Water management in Victoria deals with the management of water resources in and by the Australian State of Victoria.

==History ==

===Waterworks trusts===
Following droughts in the 1870s, the Water Conservation and Distribution Act 1881 was passed to help establish local waterworks trusts. It allowed local trusts to borrow funds from the government for the construction of water supply works. The trusts could then charge water rates to users in order to recoup their costs and pay the interest on the loans.
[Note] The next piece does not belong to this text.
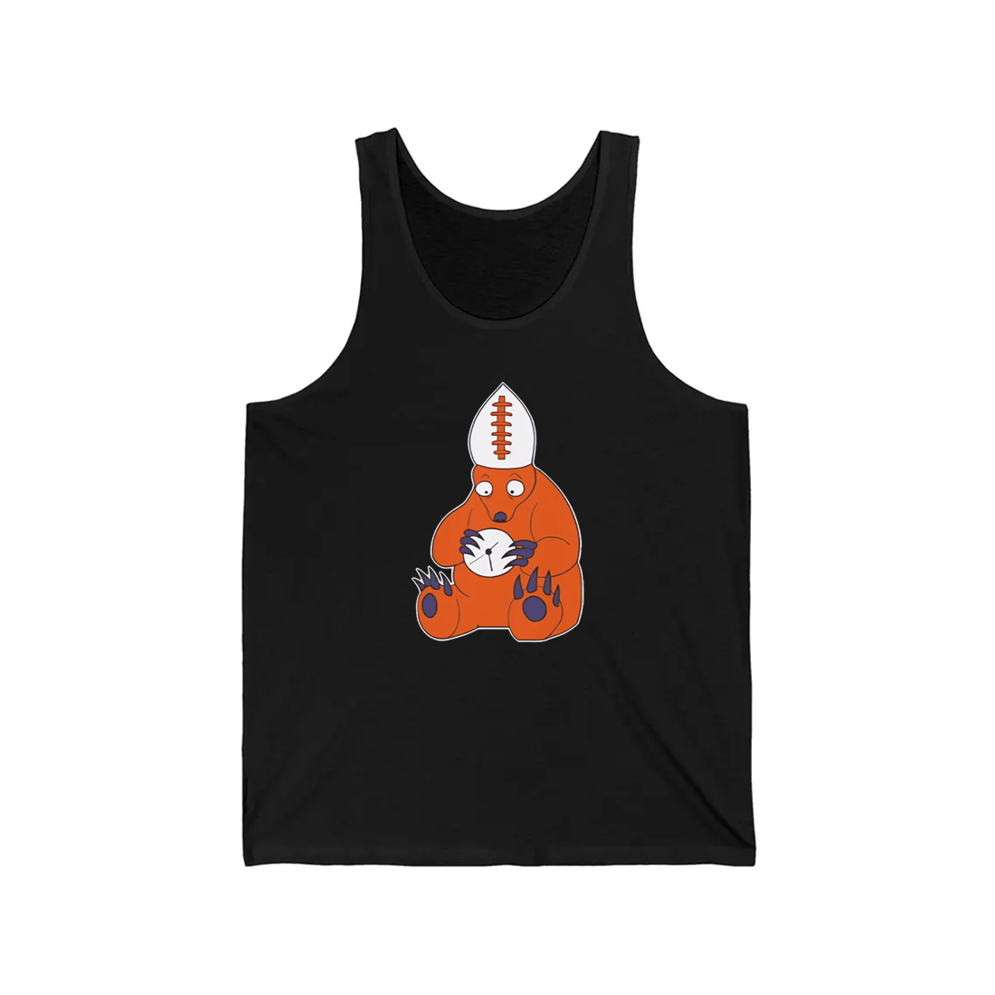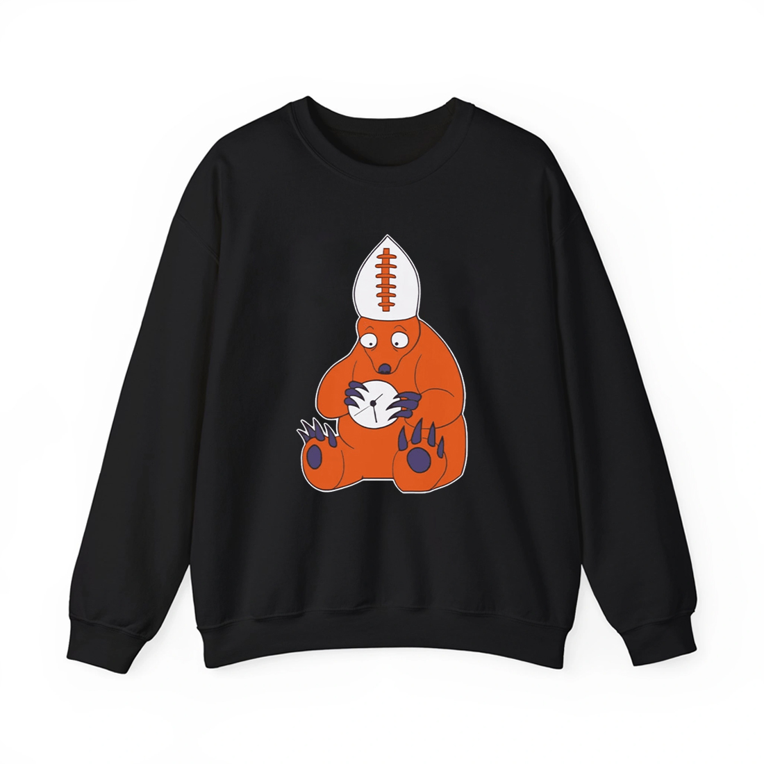 The Bears Cursed Pope Shirt features a bold cartoon-style illustration centered on a deep black base. At the heart of the design is an orange bear sitting down, wide-eyed and visibly uneasy, wearing a papal-style hat shaped like a football. In its paws, the bear clutches a cracked clock, symbolizing time slipping away missed chances, late-game collapses, and seasons that feel doomed before they ever begin.

In 1887, the Mildura Irrigation Company was established as a privately owned water supply company in Mildura. After the collapse of its parent company in 1895, it became a co-operative known as the Mildura Irrigation Trust, which later become known as the First Mildura Irrigation Trust (FMIT). This operated in the Mildura area until 2008 when it was forcibly taken over by the Victorian government.

In December 1889, the shires of Oakleigh, Dandenong, Moorabbin, and Mornington voted for the formation of an urban water trust to bring water from the catchment area of the Dandenong Ranges. Plans were made for "the storage of 596,000,000 cubic feet of water, to supply 39,000 people with water for domestic purposes" to "ensure a permanent and efficient supply". The cost of the scheme was estimated to be £41,000 with the contribution of each shire being Moorabbin £23,247, Oakleigh £11,852, Dandenong £5,000 and Mornington £1,000. Storage tanks were proposed to be constructed for each township to provide for a supply of at least 20,000 gallons.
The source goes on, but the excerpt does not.